Lanny Ebenstein: Milton Friedman Would Love Fed's QE, Hate Obama Fiscal Stimulus

Tuesday, 16 Oct 2012 07:36 AM

By Forrest Jones and John Bachman

Share:
  Comment  |
   Contact Us  |
  Print  
|  A   A  
  Copy Shortlink
Nobel economist Milton Friedman would have likely agreed with the Federal Reserve’s stimulus policies, but would have turned his nose at President Barack Obama’s fiscal stimulus bill and healthcare overhaul law, said author Lanny Ebenstein.

To steer the economy away from deflationary decline, the Fed announced plans to buy $40 billion in mortgage-backed securities held by banks every month until the economy and labor market improve, a monetary policy tool known as quantitative easing (QE).

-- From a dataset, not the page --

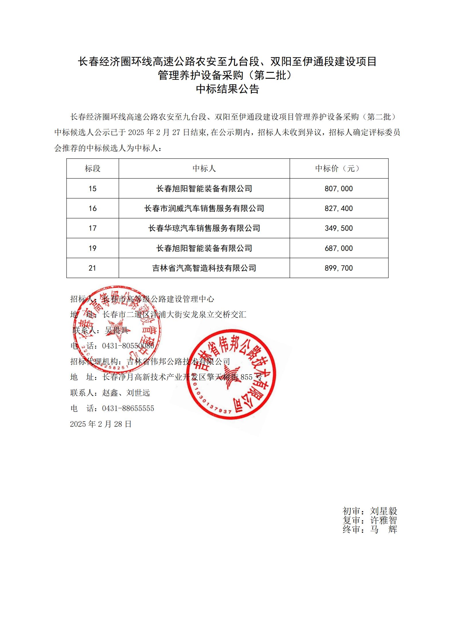 长春经济圈环线高速公路农安至九台段、双阳至伊通段建设项目管理养护设备采购(第二批)中标结果公告
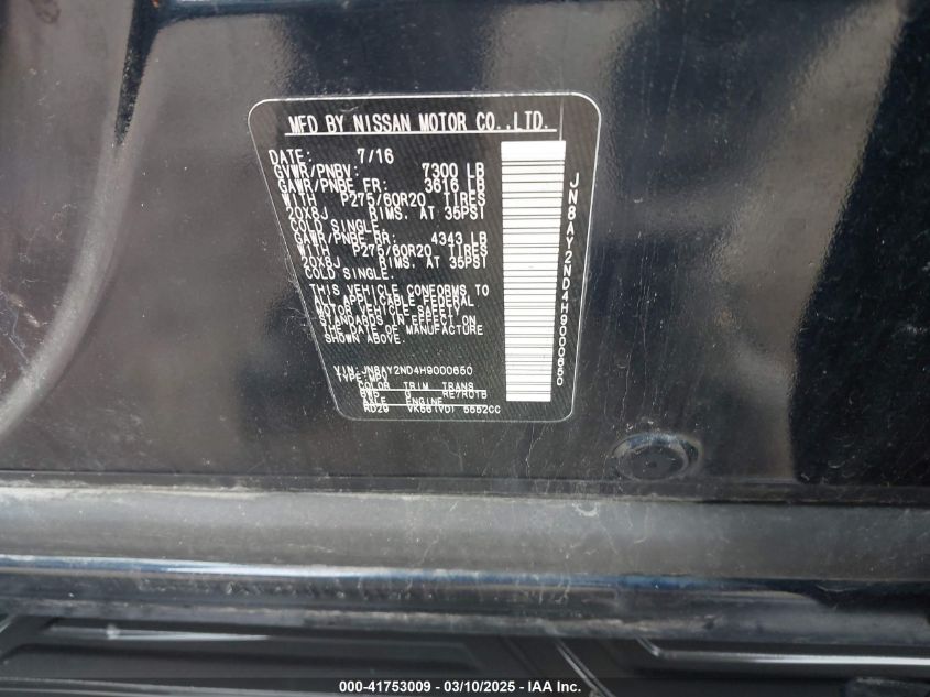 2017 NISSAN ARMADA 2017 Gasoline, 5.6, Unknown, VIN - JN8AY2ND4H9****** from the USA

The announcement marks the third time the Fed has rolled out QE measures to jolt the economy since the 2008 financial crisis, with the first round seeing the Fed snap up $1.7 trillion in mortgage securities and the second round seeing the Fed buy $600 billion in Treasury securities held by banks.

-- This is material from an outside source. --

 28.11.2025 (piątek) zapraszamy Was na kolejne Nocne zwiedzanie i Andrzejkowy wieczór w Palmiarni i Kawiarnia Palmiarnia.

Editor's Note: Google Banned This Video But You Can Watch it Here

QE aims to stimulate the economy by injecting the financial system full of liquidity in a way that pushes down interest rates to encourage investing and job demand.

Critics say the Fed, under Chairman Ben Bernanke, is fueling inflationary pressures down the road by stimulating the economy with the hope of creating jobs today.

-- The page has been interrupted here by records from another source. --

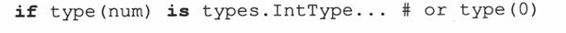 这是一个对前一个例子较小的改迸,如果你的程序像我们的例子中做很多次比较的话,程序的性能就会有一些差异。为了得到整型的对象类型,解释器不得不首先查找types这个模块的名字,然后在该模块的字典中查找IntType。通过使用from-import,你可以减少一次查询。
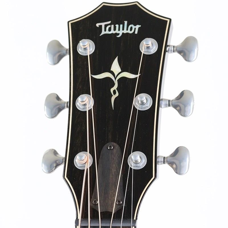 ブレイシングには今やテイラーのスタンダード仕様になっているVブレイシングが採用されております。サスティーン向上や澄んだサウンドだけではなくブリッジ部分の強度も十分に確保されており、剛性もしっかりと備わっています。綺麗に整音されたサウンドはストロークでも堪能できますが、特にアルペジオやソロプレイで力を更に発揮します。細かなところではナットに採用されたブラックグラファイトが特徴的ですが、他の外観的な仕様は従来モデルと同様で、指板のインレイやボディーのパーフリングの施されたアヴァロンの装飾、ボディーで肘のあたる場所に施されたアームレスト等、ウッディーで上品なルックスも良く、さすがに上位のモデルらしい風格を漂わせております。
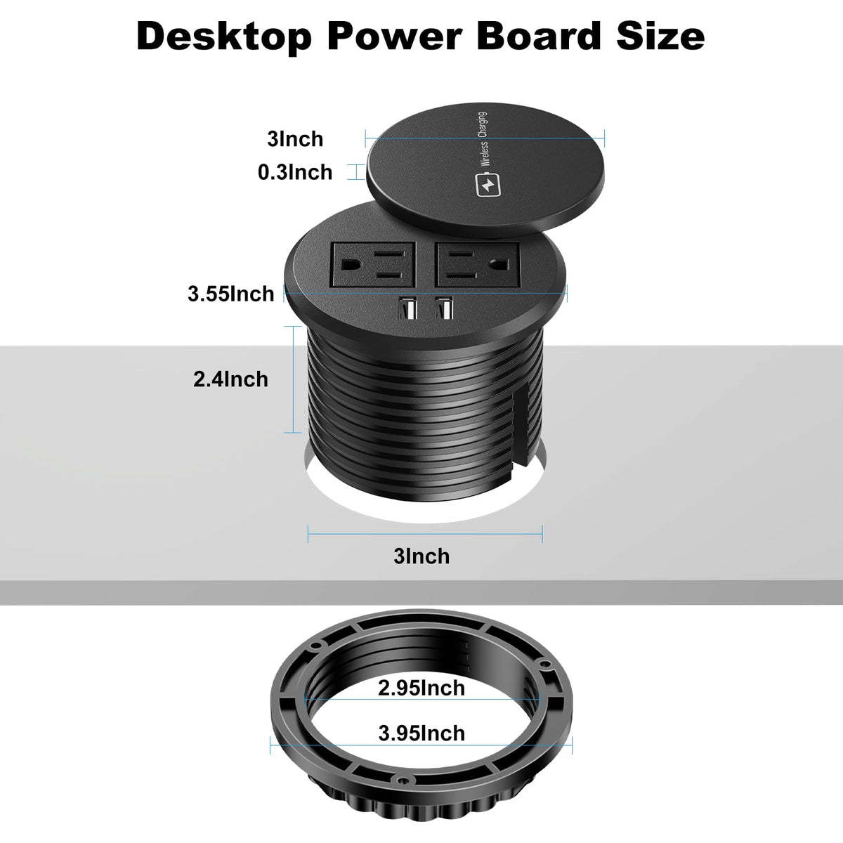 3 Inch Desk Hole Recessed Power Grommet With 15W Wireless Charger Cover, 2 Usb A Countertop Grommet Mount Power Outlet, With Ac

But Friedman probably would have sided with Bernanke.

“I think that Friedman thought in exceptional circumstances that exceptional action is called for, and he certainly would have not favored QE under normal circumstances, but Friedman, as Bernanke is, was a great student of the Great Depression, and one of the real mistakes that was made at that time was that as monetary velocity was declining, the money supply was not increased,” Ebenstein told Newsmax TV in an exclusive interview.

Watch our exclusive video. Story continues below.



“We have that same situation occurring today, which is to say that money isn’t changing hands as quickly as it previously did and therefore you have to have more money in circulation in order to compensate for that decline in the rate in which money changes hands," he said.

"In order to retain stable prices, you actually have to have something like QE,” said the author of “The Indispensable Milton Friedman: Essays on Politics and Economics.”

Editor’s note: To pre-order ‘The Indispensable Milton Friedman’ at a great price — Click Here Now.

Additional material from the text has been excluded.